Garwulf’s Corner #1: Riding the Waves of Controversy and the Strange Case of Loot
Originally published March 18, 2015
UPDATE: This was originally the third installment of the column, with the intention being to set the tone with a two part exploration talking about diversity in creating video game characters, and how to avoid token characters. And then the story about Loot hit the news, and it was too bizarre not to lead off with. As for the film itself, it failed to win the $10,000 viewer’s choice award.
HELLO, AND WELCOME to the first installment of my new column on the Escapist! My name is Robert B. Marks, and I’m an author, editor, researcher, and publisher. About 15 years ago, I wrote one of the first computer games issues columns to appear on the Internet — it was called Garwulf’s Corner, and it was published in 52 installments on Diabloii.net between October 2000 and October 2002.
This is the older, wiser version of that column.
Every couple of weeks, I’ll be here, musing on something that has caught my attention and raising whatever questions come to mind. It could be about video games, movies, books, television, or whatever else strikes my fancy. I can’t claim that I’ll always have the answers, or even be right, but I will do everything I can to be entertaining and thought provoking — that is my promise to you.
And, just like the original column all those years ago, every seventh installment will be a feedback column. So, regardless of if you agree or disagree with what I’ve said, I want to hear from you. The best comments will be published (and do be warned: if you write to me, the Escapist and I will consider it permission to publish).

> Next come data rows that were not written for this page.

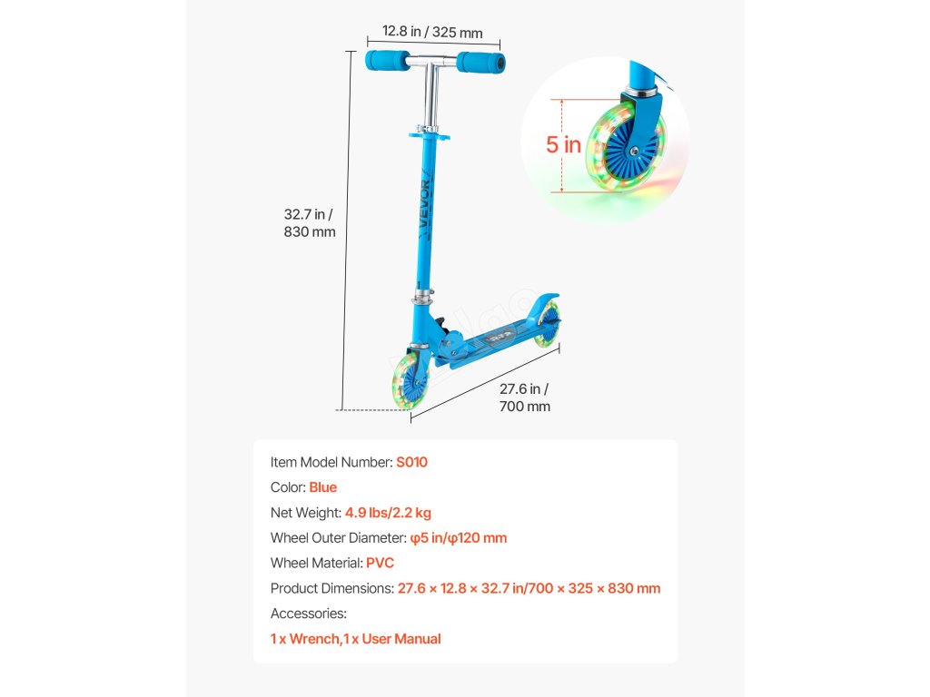 Dětská koloběžka 2-kolová, svítící kola, nosnost 49.9 kg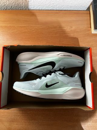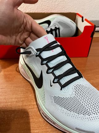 Zapatillas de correr Nike Pegasus en color negro con detalles blancos. Diseñadas para ofrecer comodidad y rendimiento. - Parte superior de malla transpirable. - Suela con amortiguación Air Zoom. - Cierre de cordones. - Logo de Nike en el lateral. Están prácticamente nuevas, las habré usado unas 5 veces únicamente.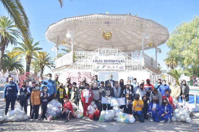 JESÚS MARÍA, AGS.- El Municipio de Jesús María entregó material deportivo para las Ligas Deportivas Municipales, acto que fue encabezado por el alcalde José Antonio Arámbula López, quien estuvo acompañado por el titular de la Instancia del Deporte, Felipe Loza Muñoz, y la titular del Sistema de Asesoría y Acompañamiento a las Escuelas (SISAE), Ana María Gallegos Bocanegra.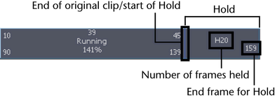 Shift-drag the upper corner of clips to create holds after the original clip. You can also create and edit holds for a clip from the Attribute Editor. See Hold clips or Hold geometry cache clips.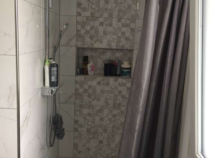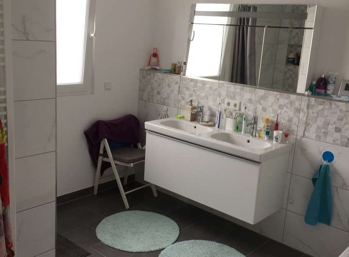 - Badezimmer 1. OG: hochwertige Fliesen, Doppelwaschbecken, Dusche und Badewanne, WC, Platz für Waschmaschine und Trockner.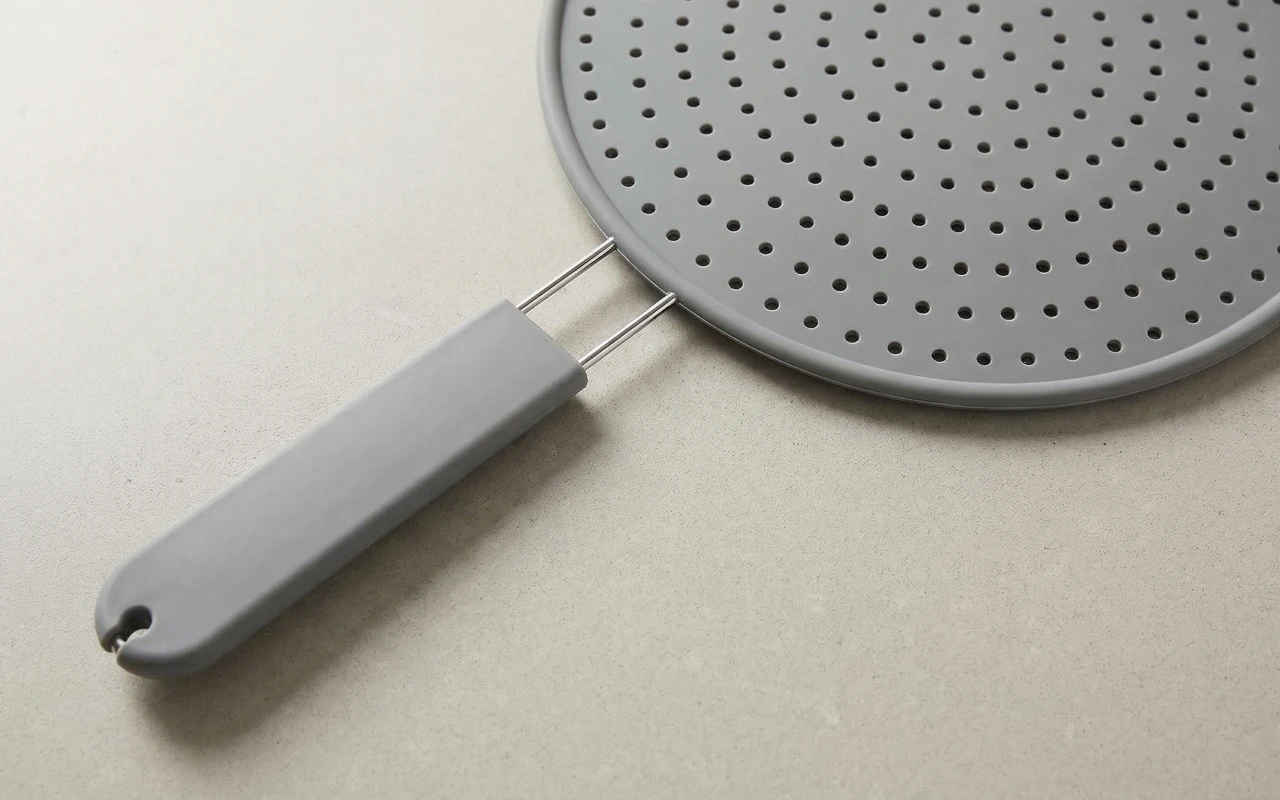Scutul Nygex funcționează și ca strecurătoare, suport de răcire sau tavă de scurgere. Un singur instrument inteligent economisește spațiu în dulap și simplifică treburile zilnice din bucătărie.

So, that pre-amble out of the way, let’s get started with a truly bizarre incident…one that began, as a number of these things do, on Reddit.
A young student filmmaker named Nicholas Henderson posted a message on the KotakuInAction sub-Reddit . He had entered a student film contest, he vented, where his clearly superior short film — Loot — had lost because it lacked a social justice message. He then declared that he was done with it all, because clearly technical skill, editing, and good writing wasn’t worth anything if you didn’t follow the “SJW” (or “Social Justice Warrior”) agenda.
The Reddit community was quick to take a look. They then returned to the sub-Reddit with reactions that were more-or-less variations on “Oh God, my eyes! Quick, somebody bring me a melon-baller!”
Loot was, in point of fact, just an awful student film (and I speak from experience — I watched it). The story was fairly incoherent, although it did seem to be taking a number of cues from Scott Pilgrim vs. the World, and everything from the editing to the sound to the colour-matching was done poorly. In short order, the Redditers en masse told Henderson that he hadn’t lost because of any SJW agenda or the like — he had lost because his film just plain sucked.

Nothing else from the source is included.